Based on the evidence synthesized in this meta-analysis, IBS in liver transplantation for HCC should be considered, as studies have not shown a negative effect on survival or disease progression. However, the certainty of evidence is low, predominantly due to the retrospective methodology of most studies. Thus, caution should be exerted before the introduction of IBS into clinical practice; however, a randomized-controlled trial is justified and long overdue. In hepatic resection, IBS has only been evaluated in one study [20], which did not show a clinical disadvantage for patients. In conjunction with liver transplantation studies, the evidence supports further evaluation of IBS in hepatic surgery in a controlled trial. Penultimately, a study investigating tumor cell presence in blood aspirated from the surgical field may provide additional evidence to structure the trial with adequate safeguards in place.

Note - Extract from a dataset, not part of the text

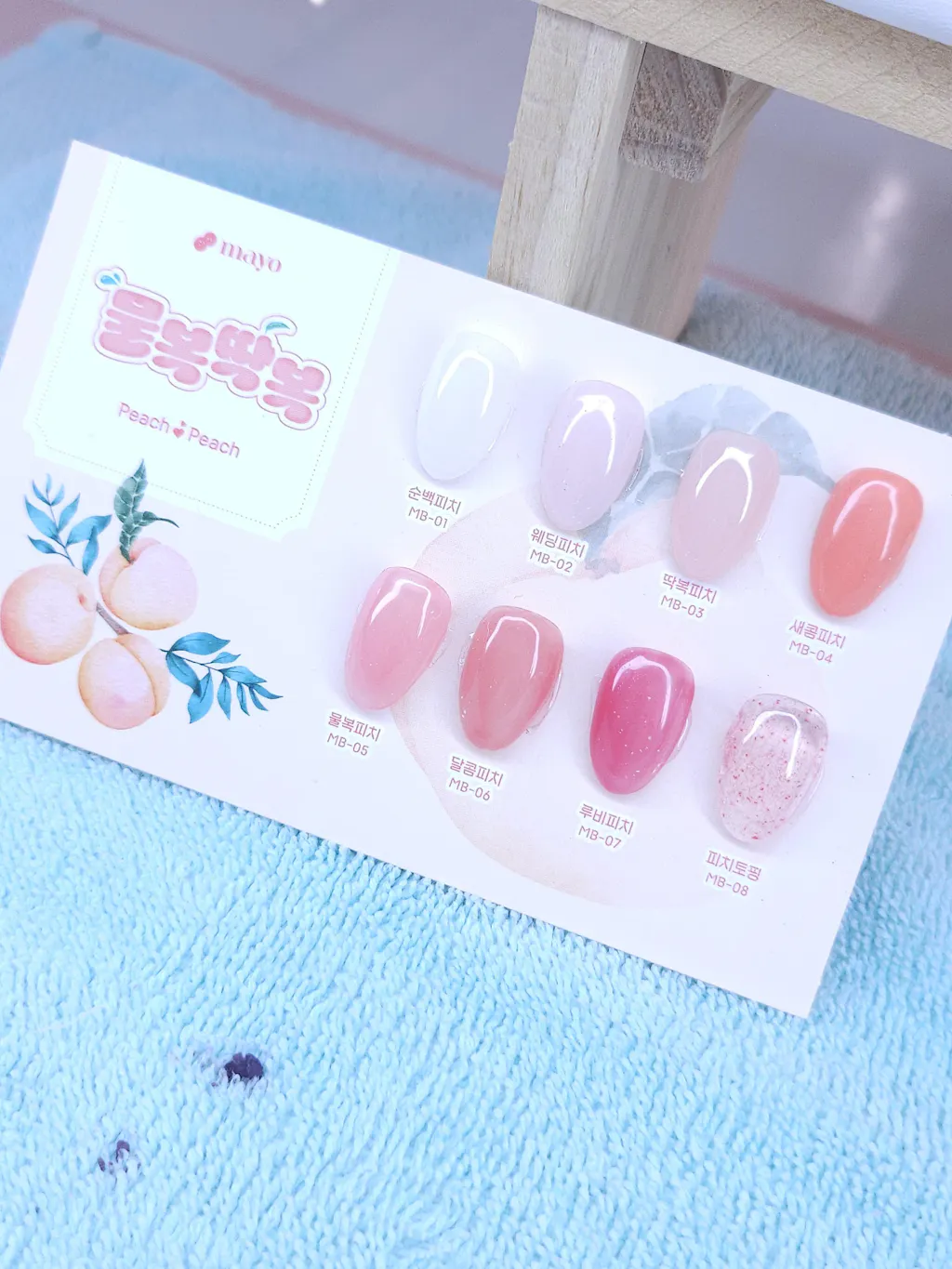 Pantone's color for 2024. Start off the Spring with fresh peach tones in 7 syrup gel polishes + 1 texture gel polish similar to peach fuzz.

Autologous blood transfusion after preoperative donation appears to be less controversial; however, not all patients may qualify for this intervention, as tumor anemia is highly prevalent in HCC patients [32]. As most studies on autotransfusion after preoperative donation are non-randomized retrospective analyses, a bias in the selection of patients must be anticipated, which may explain the significantly better outcomes in patients after autotransfusion. As shown in the comparison of aggregated baseline characteristics, significantly more patients in the group who received autotransfusion before hepatectomy had Child–Pugh A class, which may influence survival.

A limitation of the meta-analysis that should further be addressed in randomized trials is the comparability of compared groups. Most variables were not reported by all studies, and thus aggregate data also bear potential bias. In both comparisons, significant differences were detected in the aggregate data of both groups, concerning preoperative patient criteria. These need to be considered in the structure of further studies. Additionally, some studies failed to report detailed survival data, and thus time-to-event data had to be inferred [13]. Overall, the number of patients is relatively small in the comparisons for autotransfusion and IBS in liver transplantation and hepatectomy. The reports were observational and largely retrospective. Hence, the certainty of evidence for outcomes analyzed in this meta-analysis is very low, and further randomized trials are needed.

5. Conclusions

Intraoperative blood salvage during liver transplantation for HCC does not lead to poorer disease-free or overall survival, but must be evaluated further in a randomized-controlled trial. Intraoperative blood salvage in hepatectomy for HCC is under-evaluated and trials incorporating the quantification of tumor cells in the aspirate from the surgical field should shed more light on recurrence risk patterns associated with it.